==== Records for processing ====
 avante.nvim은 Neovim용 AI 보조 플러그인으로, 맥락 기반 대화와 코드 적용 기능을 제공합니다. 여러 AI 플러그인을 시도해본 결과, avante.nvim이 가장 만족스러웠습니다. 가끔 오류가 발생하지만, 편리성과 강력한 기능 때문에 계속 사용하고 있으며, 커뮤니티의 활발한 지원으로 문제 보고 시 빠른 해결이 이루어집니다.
====
==== Records for processing ====
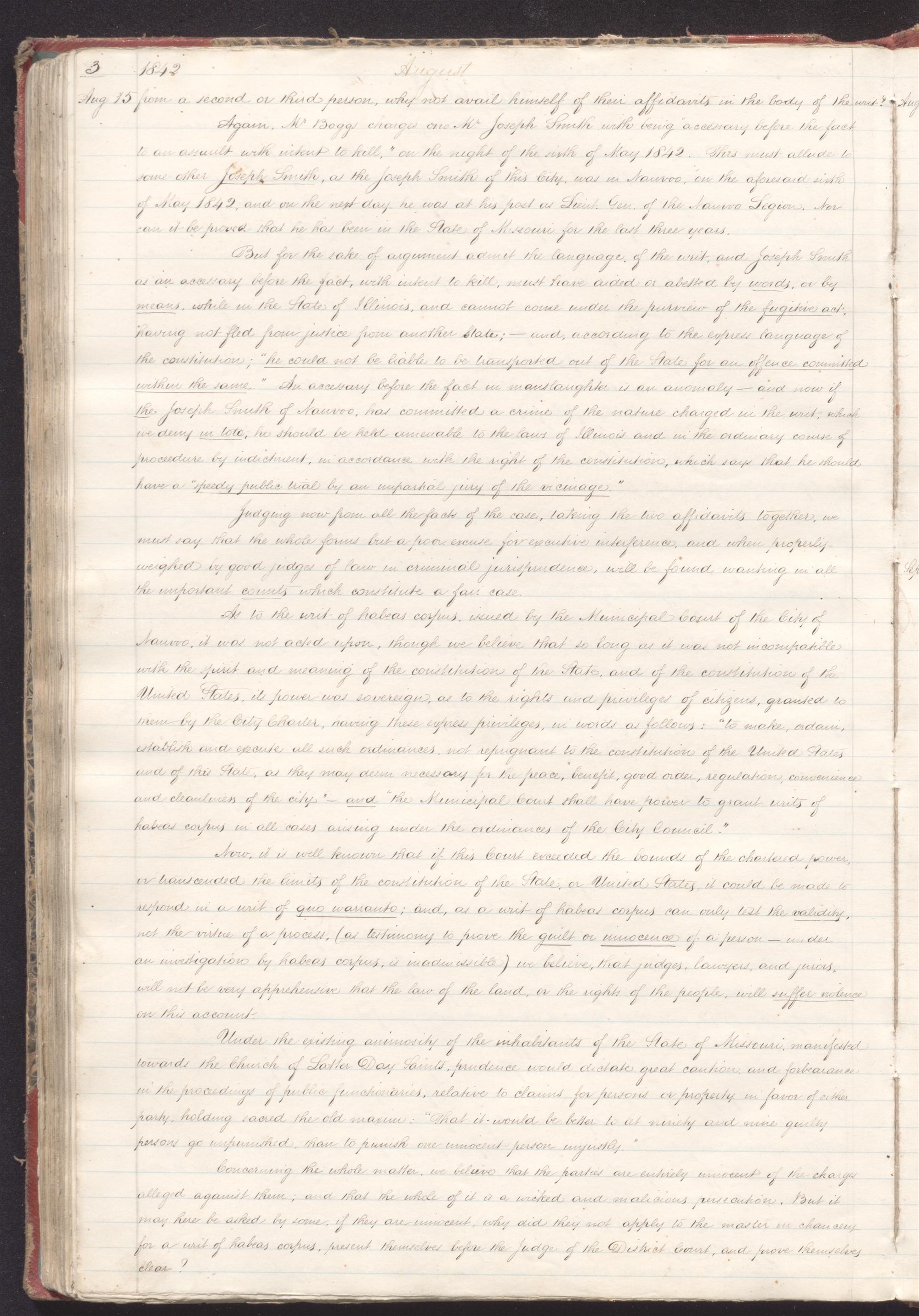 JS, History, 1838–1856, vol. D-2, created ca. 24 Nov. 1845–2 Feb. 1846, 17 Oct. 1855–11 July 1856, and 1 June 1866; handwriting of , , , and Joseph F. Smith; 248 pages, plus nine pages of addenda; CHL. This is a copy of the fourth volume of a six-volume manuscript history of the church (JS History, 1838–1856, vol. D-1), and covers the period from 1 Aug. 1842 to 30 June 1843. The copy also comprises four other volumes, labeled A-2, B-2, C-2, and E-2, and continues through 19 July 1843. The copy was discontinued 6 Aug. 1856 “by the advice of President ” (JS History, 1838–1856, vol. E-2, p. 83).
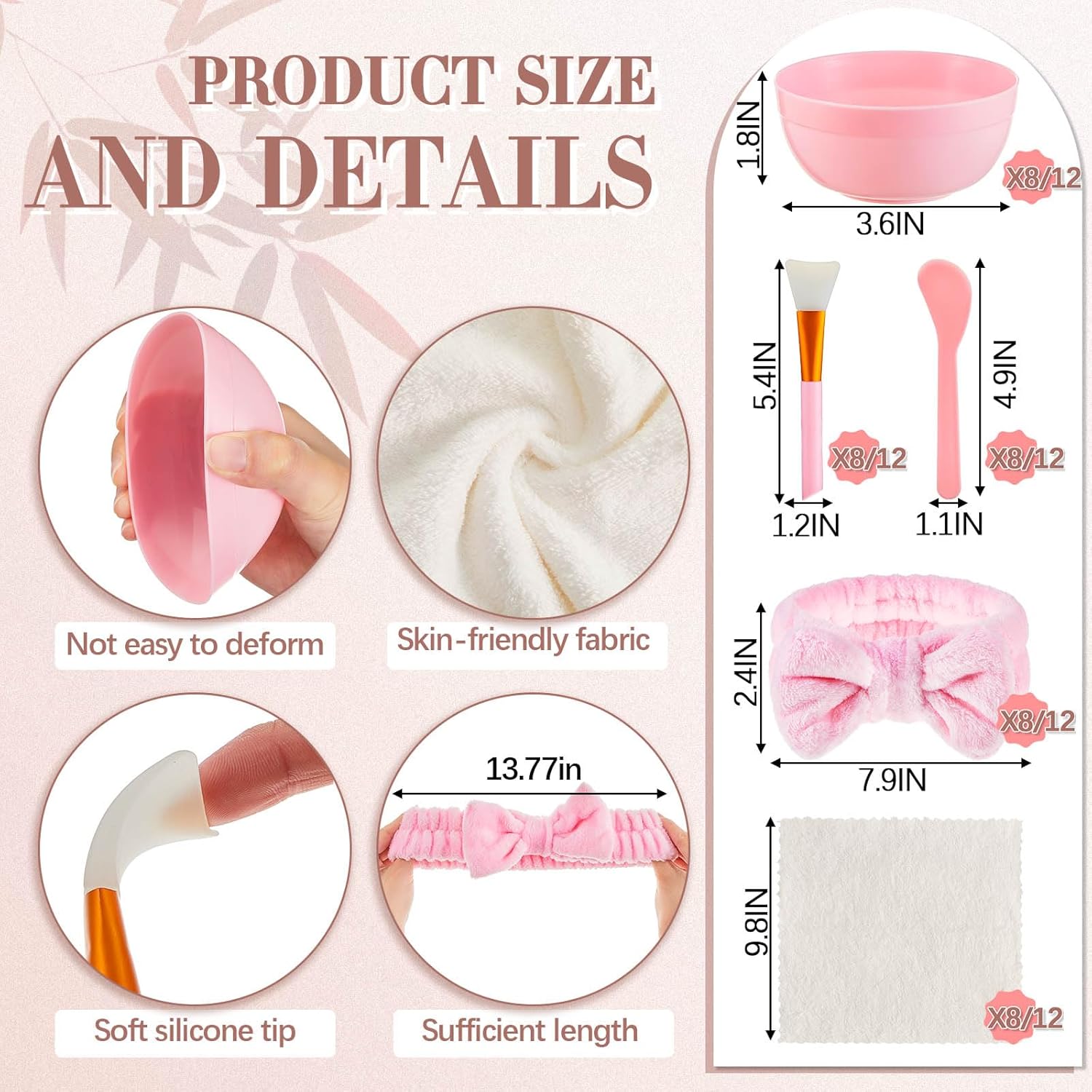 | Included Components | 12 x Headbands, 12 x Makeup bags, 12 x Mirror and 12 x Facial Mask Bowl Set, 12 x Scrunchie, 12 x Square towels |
====
Task brief. In the data above, retype only the stretch from the line with "JS, History, 1838–1856, vol." through the line with "Square towels |", word for word, and skip any pictures.

Problem solution.
 JS, History, 1838–1856, vol. D-2, created ca. 24 Nov. 1845–2 Feb. 1846, 17 Oct. 1855–11 July 1856, and 1 June 1866; handwriting of , , , and Joseph F. Smith; 248 pages, plus nine pages of addenda; CHL. This is a copy of the fourth volume of a six-volume manuscript history of the church (JS History, 1838–1856, vol. D-1), and covers the period from 1 Aug. 1842 to 30 June 1843. The copy also comprises four other volumes, labeled A-2, B-2, C-2, and E-2, and continues through 19 July 1843. The copy was discontinued 6 Aug. 1856 “by the advice of President ” (JS History, 1838–1856, vol. E-2, p. 83).
 | Included Components | 12 x Headbands, 12 x Makeup bags, 12 x Mirror and 12 x Facial Mask Bowl Set, 12 x Scrunchie, 12 x Square towels |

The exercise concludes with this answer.